Het confucianisme wordt erkend als de nationale religie van China, hoewel dit hoogstwaarschijnlijk een ethische en politieke doctrine is, aangezien er niet zoiets bestaat als een enkele god in deze religie. Confucianisme plaatst een persoon in het centrum van het universum, daarom wordt elk fenomeen daarin in de eerste plaats beschouwd vanuit het oogpunt van moraliteit.
Het auteurschap van de spirituele leer over de verbetering van de mens behoort toe aan de oude Chinese wijze Kun-tzu, of, in Latijnse transcriptie, Confucius, die leefde in 551 - 479. BC e. Deze periode in de geschiedenis van het oude China wordt gekenmerkt door grote sociale en politieke omwentelingen en crises: de vernietiging van de patriarchale clannormen, machtsinstellingen en de staat die daarvoor bestond. Zoals het gebeurt in een tijdperk van grote omwentelingen, werd er een persoon gevonden die in staat was om de morele, ethische en spirituele normen die wijdverbreid waren te formuleren en over te brengen aan de samenleving en die het volk van China hielp om morele integriteit te behouden.
In zijn leer vertrouwt Confucius op primitieve overtuigingen, waaronder de cultus van overleden voorouders, op de hogere goddelijke krachten - hemel en natuur, als voorbeeld en bron van harmonie en de principes van de "gulden middenweg". Deze leer is een kant-en-klaar programma voor de spirituele ontwikkeling van een persoon die het centrum van het universum is en daarom in harmonie moet leven met de omringende kosmos. Elke persoon, een volgeling van deze leer, leeft volgens de wetten van de natuur, hij is een voorbeeld van moraliteit en een ideaal voor navolging van de hele samenleving. Een gevoel van harmonie is organisch inherent aan zo'n persoon, hij heeft een aangeboren of door zelfverbetering verworven organische gave om in een natuurlijk natuurlijk ritme te bestaan.
Er zijn geen geschreven werken van Confucius, maar in de verhandeling "Lun-yu", waar zijn gesprekken met studenten en volgelingen zijn opgenomen, wijst de leraar vijf "constanten" aan die moeten worden nageleefd, zowel in de regering als in het gezinsleven, het dagelijks leven. Deze omvatten: ritueel, menselijkheid, plicht als gerechtigheid, kennis en vertrouwen.
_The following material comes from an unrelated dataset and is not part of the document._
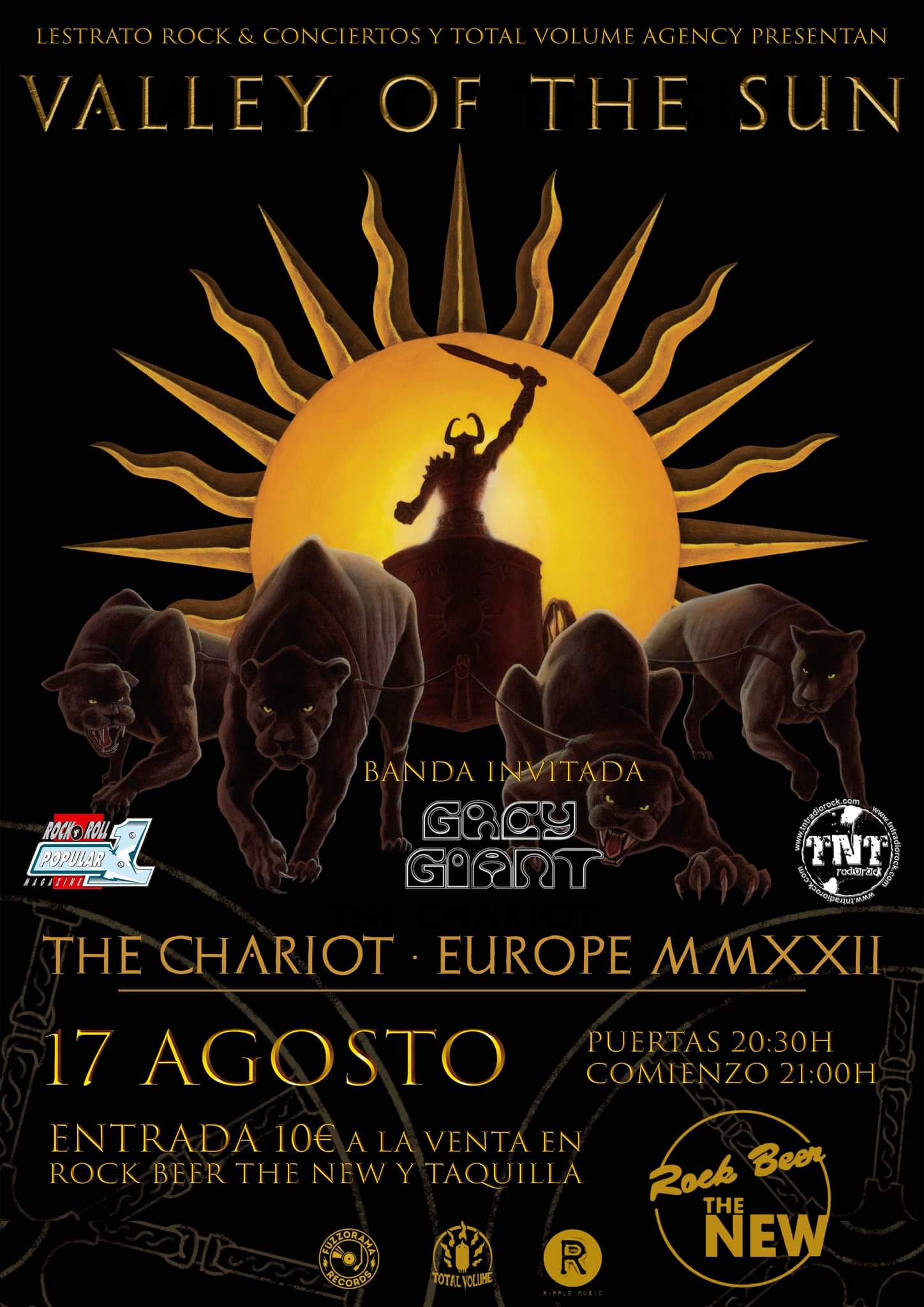 Durante la última década, Valley of the Sun han incendiado escenarios en toda Europa y USA, lanzado tres álbumes de rock & roll de alto octanaje y conquistado a miles de fieles fanáticos en el camino. Ahora, tienen la vista puesta en dominar el mundo con su álbum más impresionante hasta la fecha, The Chariot, que se publicará este verano de 2022 por Ripple Music y Fuzzorama Records. Una ráfaga dinámica de riffs de alto volumen, melodías altísimas y ritmos furiosos servidos al estilo de Cincinnati, con una cerveza fría al lado.

De speciale rol van het ritueel wordt verklaard door het feit dat het met zijn hulp mogelijk is om elke persoon, samenleving, staat aan te passen en in te passen in de eindeloze hiërarchie van een leefruimtegemeenschap, die de bijzonderheid heeft om voortdurend te veranderen, met behoud van de wetten en ontwikkelingsprincipes ongewijzigd.
Fundamentele "standvastigheid" bracht een gevoel voor verhoudingen bij elke persoon - van een heerser tot een gewone boer, en zorgde voor het behoud van onwrikbare morele waarden in de samenleving die de ontwikkeling van dergelijke destructieve eigenschappen als verzadiging en consumentisme in een persoon niet toestaan. De levensvatbaarheid van de leer van Confucius, waarvan de aanhangers vandaag de dag nog steeds talrijk zijn in China, wordt bevestigd door het bestaande verzet van de Chinese samenleving en staat tegen de ondeugden die kenmerkend zijn voor de Europese consumptiemaatschappij.